# How to find out who your wife is cheating with…. How do I get in her phone?



## Evinrude58 (Jun 16, 2014)

Log into Facebook

now if you’re too passive todo this….. there’s your problem.😋


----------



## Andy1001 (Jun 29, 2016)

That was quite a jump he made.


----------



## ConanHub (Aug 9, 2013)

Hahahaha! WOW!


----------



## Bulfrog1987 (Oct 8, 2021)

Following just to follow. That's all you're going to share OP?


----------



## Evinrude58 (Jun 16, 2014)

Lol, I just see a lot of guys on here watching their wives guarding their phones, obviously texting other men, sending them pictures etc…. They don’t ever know how to get the wife’s phone and get into it….. it’s easy, snatch it while she’s on, take a look. 
Gotta be ready to bolt though… she’s gonna go into beast mode. 🤣


----------



## ConanHub (Aug 9, 2013)

Evinrude58 said:


> Lol, I just see a lot of guys on here watching their wives guarding their phones, obviously texting other men, sending them pictures etc…. They don’t ever know how to get the wife’s phone and get into it….. it’s easy, snatch it while she’s on, take a look.
> Gotta be ready to bolt though… she’s gonna go into beast mode. 🤣


Being athletic definitely helps. LoL!


----------



## Bulfrog1987 (Oct 8, 2021)

Evinrude58 said:


> Lol, I just see a lot of guys on here watching their wives guarding their phones, obviously texting other men, sending them pictures etc…. They don’t ever know how to get the wife’s phone and get into it….. it’s easy, snatch it while she’s on, take a look.
> Gotta be ready to bolt though… she’s gonna go into beast mode.

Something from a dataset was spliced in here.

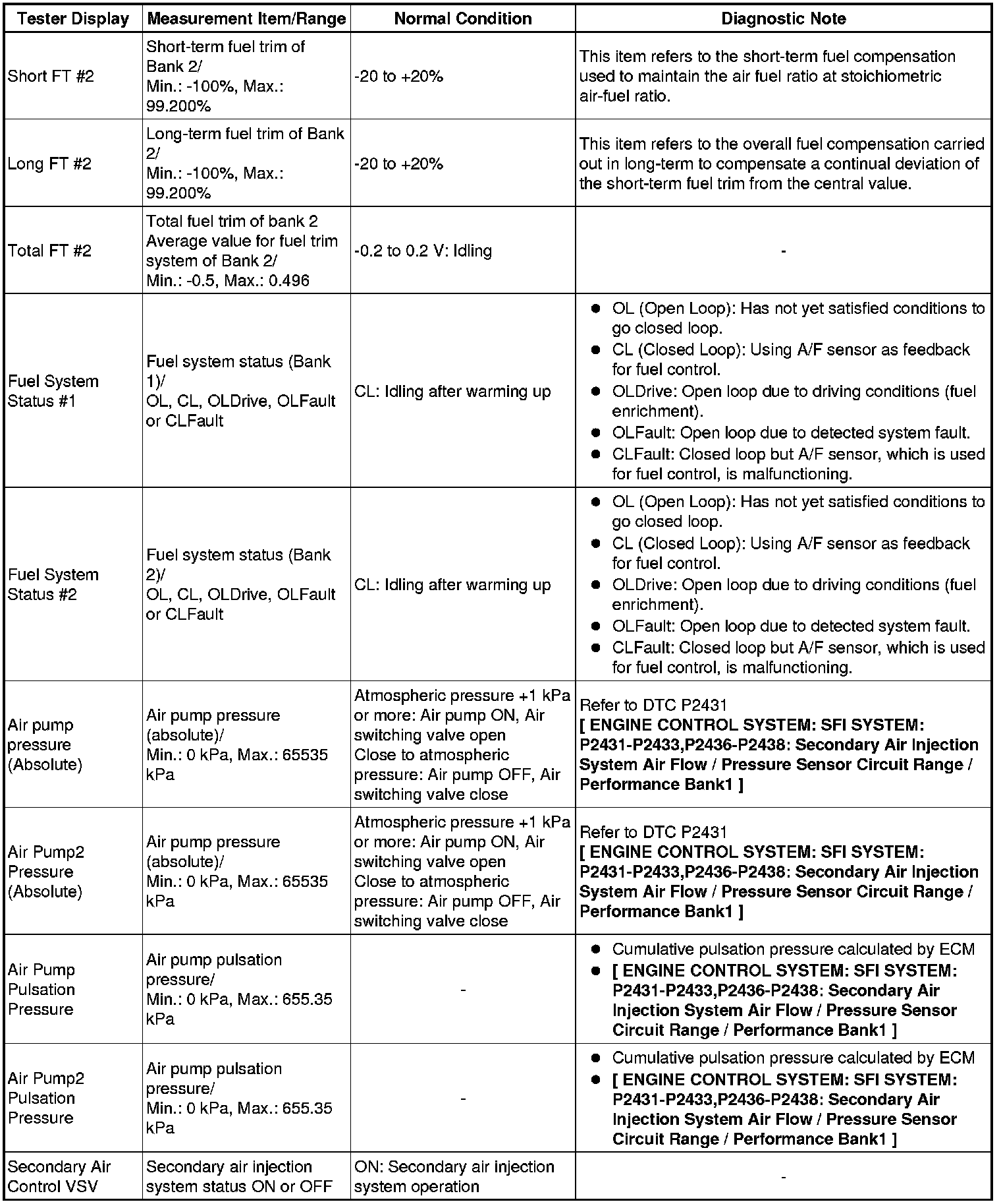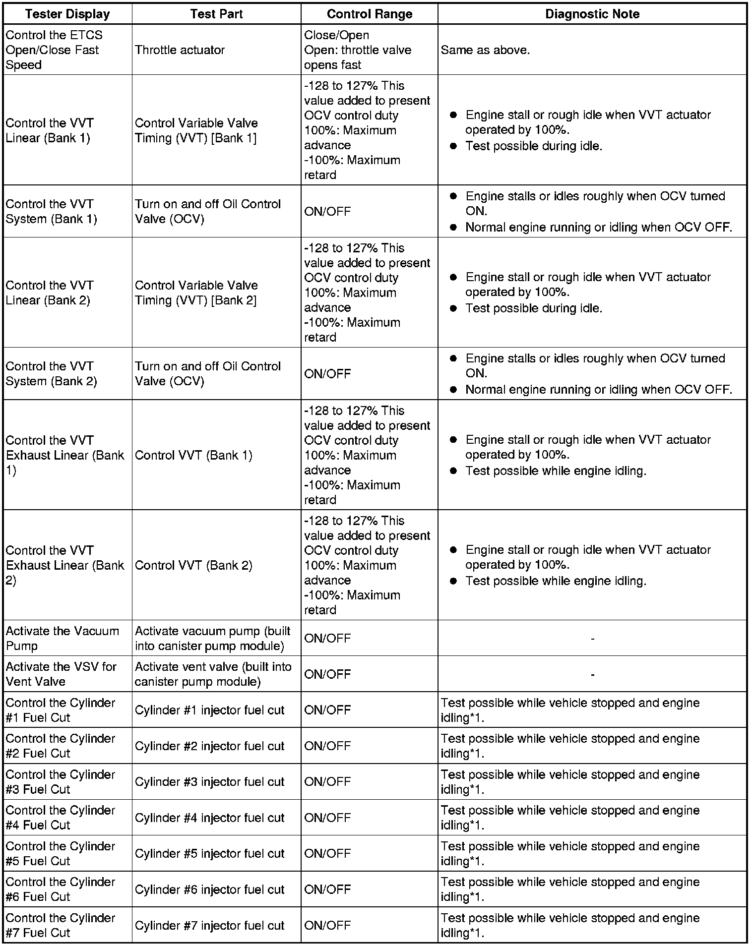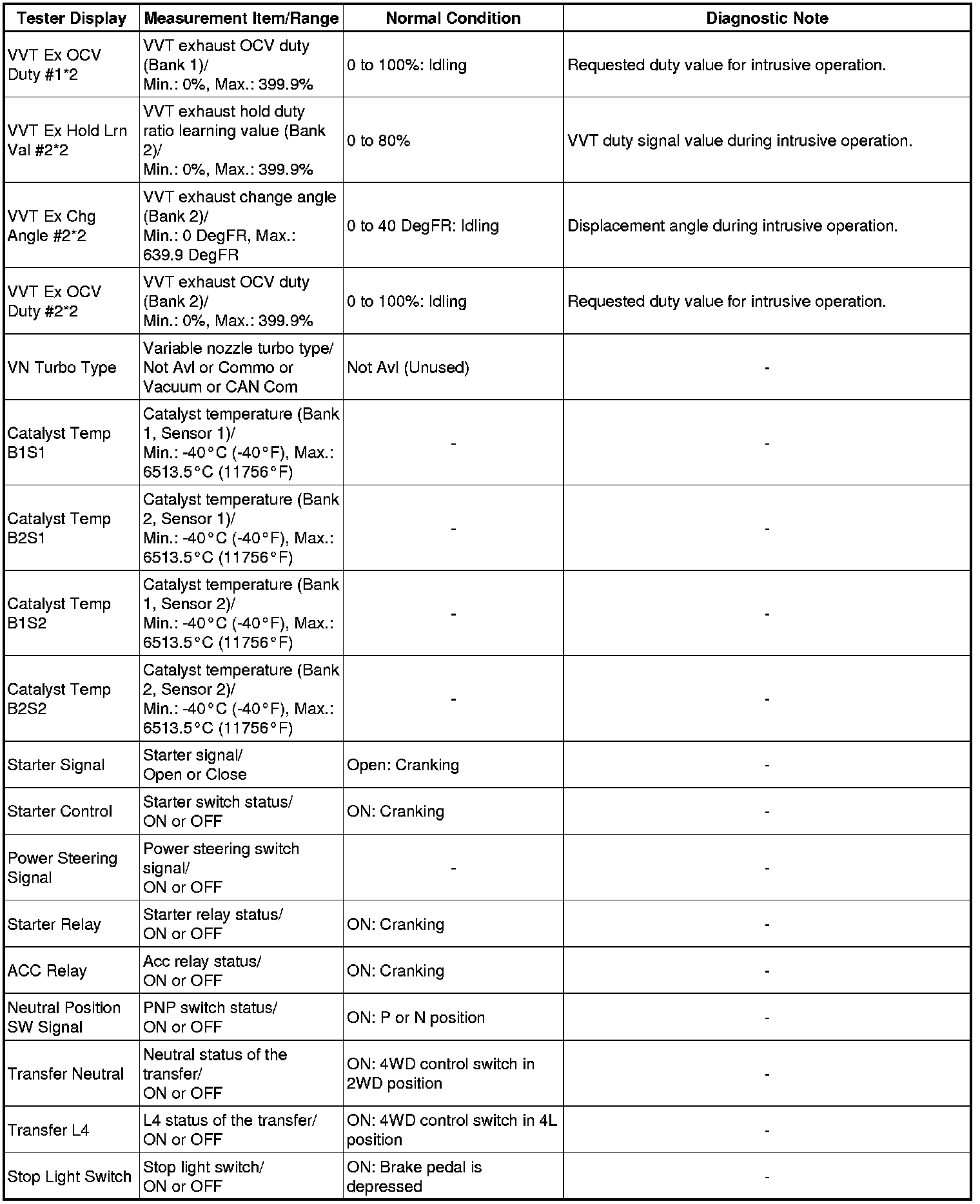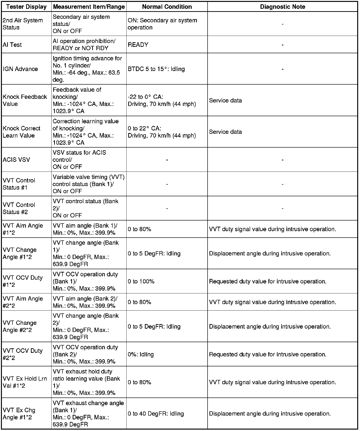 * *2: Data List values are only displayed when performing the following Active Tests: Control the VVT Linear (Bank 1), Control the VVT Linear (Bank 2), Control the VVT Exhaust Linear (Bank 1) and Control the VVT Exhaust Linear (Bank 2). For other Active Tests, the Data List value will be 0.

I for real laughed. He can have my phone. Well a tentative future he. 


Sent from my iPhone using Tapatalk


----------



## Sfort (Sep 28, 2019)

Almost all of these are fake. You don't actually see the phone leave his hand, at least on the one I can see.


----------



## Enigma32 (Jul 6, 2020)

The best way to get into your wife/GF phone is to just observe as she inputs her password. Try and get a couple of numbers or letters per attempt. After a few tries, you will have the whole thing. 

In my experience, most people are using social media to cheat, not traditional texting. You probably won't even have to hack into the phone, just check the social media accounts of their opposite sex "friends" and you will often get enough ammo there.


----------



## A18S37K14H18 (Dec 14, 2021)

Going by the title of this post.

It says, 
*How to find out who your wife is cheating with*

Based on what that says, this means he KNOWS his wife is cheating, just not who the person or persons she's cheating on him with.

Since he knows she's cheating, he just needs to have her served and divorce her. Who she's cheating with is immaterial. It's that she's cheating that is material.


----------



## Andy1001 (Jun 29, 2016)

Who would want to cheat with her. She’s loud, ugly and tattooed and wtf is she dressed as, a ****ing scarecrow?


----------



## Mr.Married (Feb 21, 2018)

I’m a lot less subtle about things. I would just grab the thing straight out her hand. If you can’t do that then I guess you can just carry her purse for her. The level of self imposed weakness entrapment in some men is ….. unexplainable


----------



## frenchpaddy (May 31, 2021)

I can pick up any phone in the house and use it , some times I can have 2 phones in my pocket and walk out and let the pc open , 

Now I know some men go to the toilet with their phone , I have seen some men walk down the road to use their phone , If I can see this why can't the people living with them see it ,


----------



## MattMatt (May 19, 2012)

That was a made for Tiktok video. 

It could have ended very badly. *"Tiktok user killed in tragic accident at rail station."*


----------



## Gabriel (May 10, 2011)

Pretty sure that was staged. But entertaining!


----------



## gameopoly5 (5 mo ago)

If the OP already knows his wife is cheating and riding the carousel with another guy or guys, then end of story.
Hire a PI to obtain evidence against her or as others have suggested, check out her online activities.
Who would want live with someone that is not what they seem to be at face value, not truly your friend, and is just using you while secretly seeking their jollies elsewhere, probably giving up more of themselves to others than to you and unwittingly having strangers brought into your relationship.
This is the deal one is getting when married to a cheater.
Sorry, in such cases divorce becomes the only viable option.


----------